Today i got 3 'Ribbed Salamanders' which i think are Ribbed newts - from Iberia - as opposed to Salamanders.

Can anyone shed some light on these little fellows?

Help much appreciated!


----------



## madelene (Aug 24, 2006)

Ribbed slamander is just another name for Pleurodeles waltl aka Spanish ribbed newts.
Pollywog has a great caresheet for them.

www.pollywog.co.uk: Sharp-ribbed Newt (Pleurodeles waltl) Care Sheet


----------



## The Fool (Aug 23, 2007)

Thanks a lot! Thats the fellows!

Cheers!


----------



## rob-stl-07 (Jun 3, 2007)

did you get em from crewe reptile store? btw dont get animals without researching em first : victory:


----------



## The Fool (Aug 23, 2007)

Hah, no, i got them in Essex, and i have kept newts before, just not these, i actually felt sorry for them being kept with fish and stuff so just got em!


----------



## rob-stl-07 (Jun 3, 2007)

cool are they adults?


----------



## The Fool (Aug 23, 2007)

I think so yeah,approaching full size at least, and doing well on blood worm and flake food. Not in their final home yet - i need to build a bit of a workbench, long story!


----------



## rob-stl-07 (Jun 3, 2007)

get em some earthworms, they do great on them


----------



## thorrshamri (Jul 4, 2006)

Avoid temps over 75°F during summer ,they shun excessive heat .Make sure your aquarium water is properly filtered and provide plenty of aquatic plants ,Java Moss and Elodea canadiensis are a good choice.

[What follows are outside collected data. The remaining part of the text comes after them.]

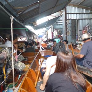 線路市場は初体験で、期待どおり間近で電車を通るのが見れたのには感動しました。ガイドさんが事前にベストポジションを教えてくれたのも◎。水上マーケットは2度目の体験で、スピードボートの迫力は遊園地のアトラクション並に面白いです。でも、水上マーケットの買物ボートは相変わらず別料金を取られるのは理由が分かりません。ツアー代金に込めないならその説明を事前にするべきです。土産物を相場の10倍の価格でふっかけて来たのには、呆れるばかりです。ツアー会社は立場上アドバイス出来ないでしょうから、個人的には水上マーケットで買物は避けましょう。ココナッツファームも昔とは変わってしまい、規模も縮小して、高いお土産を買わされる場所になっていて残念でした。
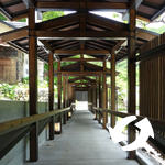 今回の改修工事にてスロープ・手摺及び回廊(屋根)を新設、床には融雪パイプを埋設しお客様が大露天風呂へ安全に安心して行けるように整備しました。また冬には積雪が多いため雪の重みに耐えうる様に構造は鉄骨造としていますが旅館の既存建物は情緒ある和風木造のつくりなので、既存と調和する様に柱・梁に板材を張り落ち着いた和の雰囲気としています。回廊(屋根)横の高台に展望テラスを新設し、天気の良い日にはひと休みしながら周辺の自然をバックに写真を撮影できるスペースを設置しました。また、遊歩道の廻りはもみじ等の樹木を植樹し修景したので秋には紅葉を見ながら露天風呂への散策も楽しめます。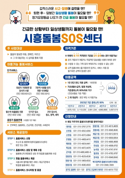 ‘시흥돌봄SOS센터’는 독립적 일상생활이 어렵거나 불가피하게 돌봄 공백이 발생한 시민을 대상으로 10대 돌봄서비스·5대 단기 돌봄서비스)를 제공하는 통합창구다.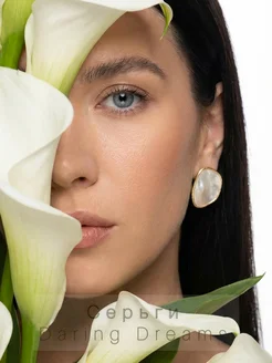 Серьги бижутерия золотого цвета с перламутровым акцентом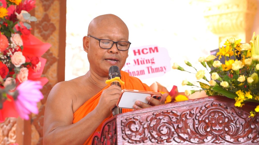 Phát biểu khai mạc, Thượng tọa Quách Thành Sattha đã chia sẻ ý nghĩa thiêng liêng của Tết cổ truyền Chol Chnam Thmay – dịp lễ quan trọng nhất trong năm của đồng bào Khmer. Thượng tọa nhấn mạnh, đây không chỉ là thời khắc chuyển giao năm cũ sang năm mới theo lịch cổ truyền, mà còn là dịp để mỗi người con Phật hướng tâm tu tập, làm mới thân – khẩu – ý, vun bồi công đức và nuôi dưỡng đời sống tâm linh.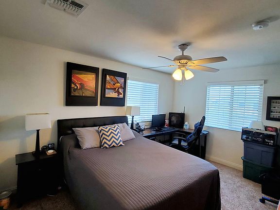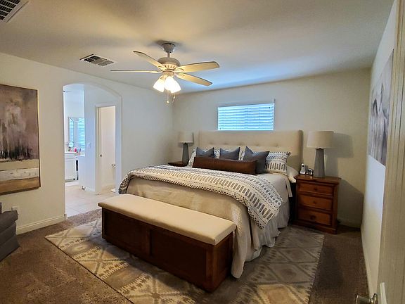 3 car garage - 4 bedroom (master up & master down), 3.5 bath home in Eastmark community! Open concept living area with beautiful eat-in kitchen for easy entertaining! Neutral paint + flooring throughout with modern fixtures & lighting. Enjoy a low maintenance backyard with covered patio. HOA maintains front landscaping! Desirable Mesa community with pools, spa, parks, sports courts, & biking/walking trails! New skate park, walk to community schools. No smoking. Small pets with pet rent/deposit. Available August 8th. Move-out inspection fee applies.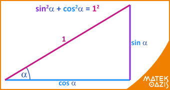 Pitagoraszi azonosság: Adott szög szinuszának és koszinuszának négyzetösszege 1-gyel egyenlő.

They require at least 10 gallons of water per adult animal and are not too careful about water quality ,they can live in the wild in polluted water or quite salted water too.

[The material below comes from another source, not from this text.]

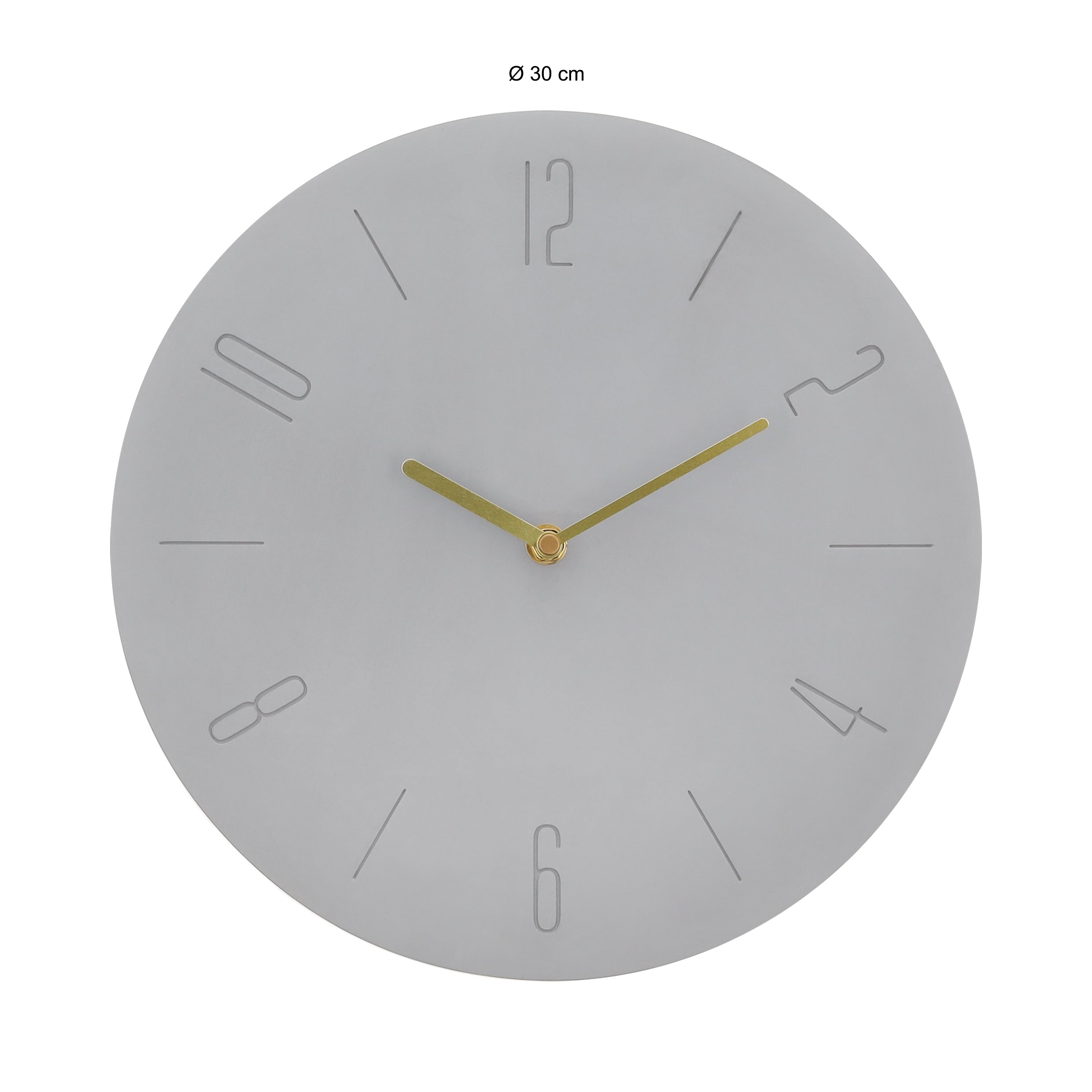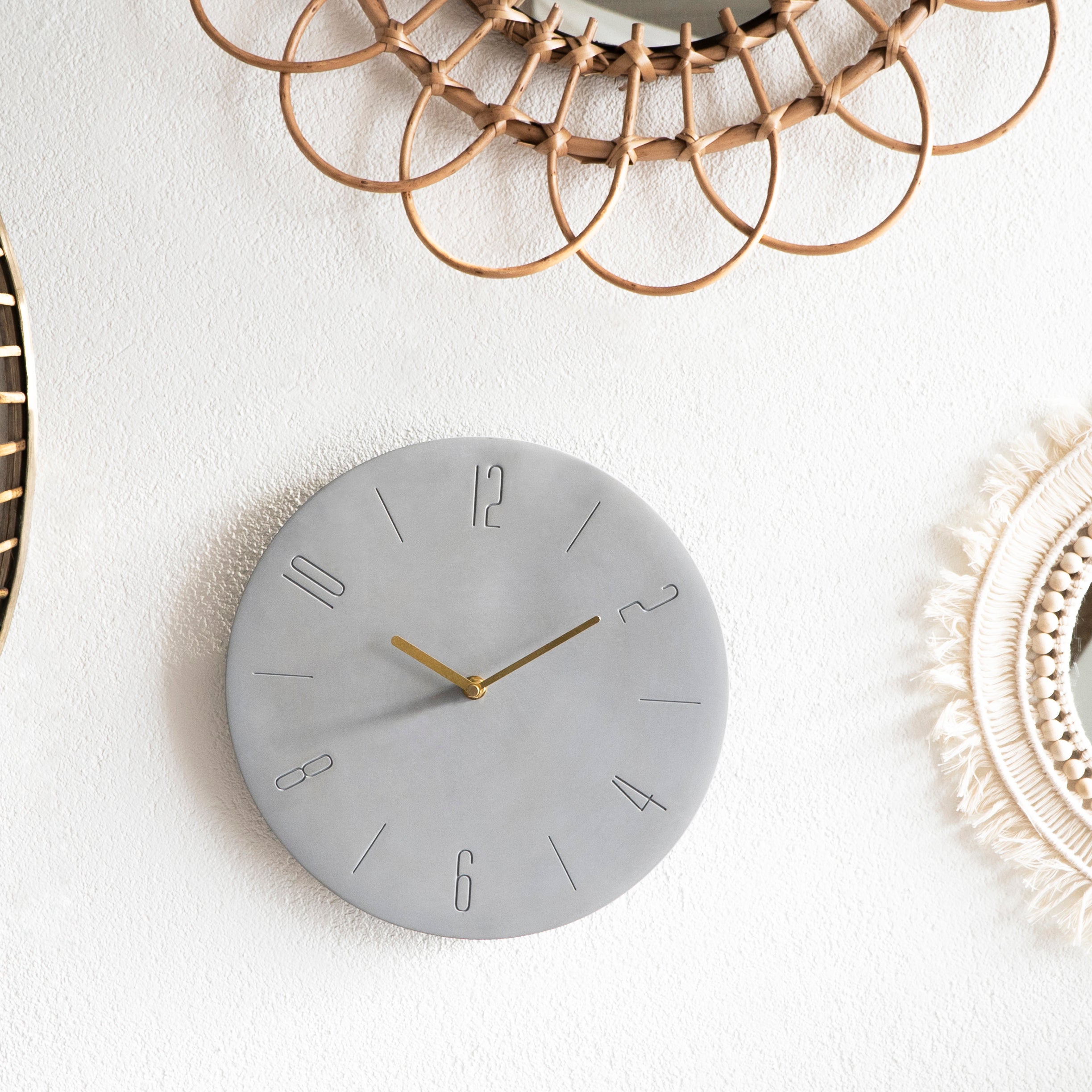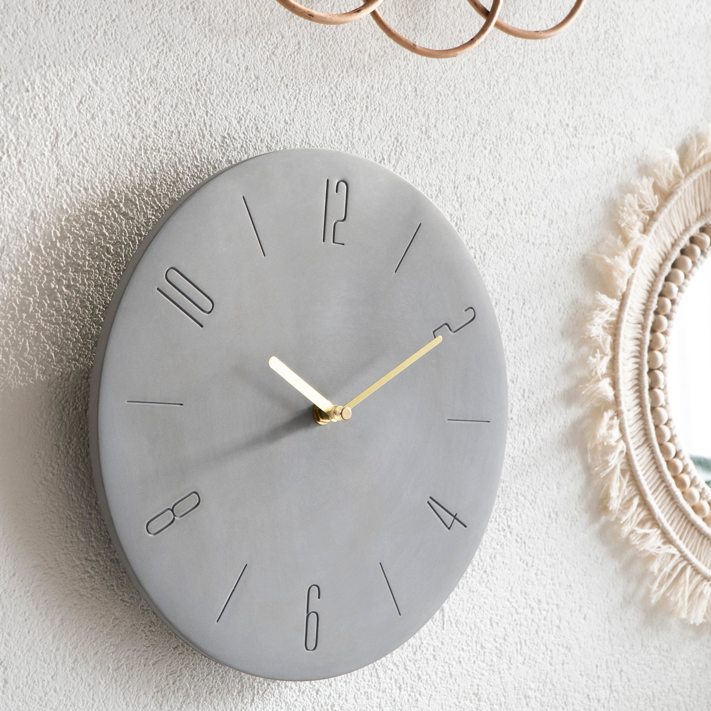 - Deze wandklok is analoog en is wat betreft het materiaal gemaakt van beton.

Make sure they have enough to eat ,they are really voracious .You can offer them live crickets ,waxmoth larvae ,earthworms and even bits of chopped beef heart ,they like it.


----------



## Art_Gecko101 (May 6, 2006)

what is the difference between a newt and a salamander? does anyone know?


----------



## madelene (Aug 24, 2006)

Art_Gecko101 said:


> what is the difference between a newt and a salamander? does anyone know?


Technically newts are a type of salamander.

Newts are a lot more aquatic and will spend at least part of their adult life in water, they also breed in water whereas salamanders are aquatic in their larva stage only and mate on land.

Newts also have rougher skin (mostly) and have flat tails.

Maddie


----------



## The Fool (Aug 23, 2007)

Cheers!
All 3 are doing well at the moment, will hopefully have them a new home within a month or so.
Would they benefit from UV lighting for calcium etc reasons?


----------



## The Fool (Aug 23, 2007)

Bumpy bump


----------



## madelene (Aug 24, 2006)

I don't use UV for any of my newts, for calcium I rely on gut loaded crickets.
Maddie


----------



## The Fool (Aug 23, 2007)

Okay thanks!


----------



## rob-stl-07 (Jun 3, 2007)

i have compact uvb lights seeing as they ARE diurnal i think they do need it. it cant harm them.


----------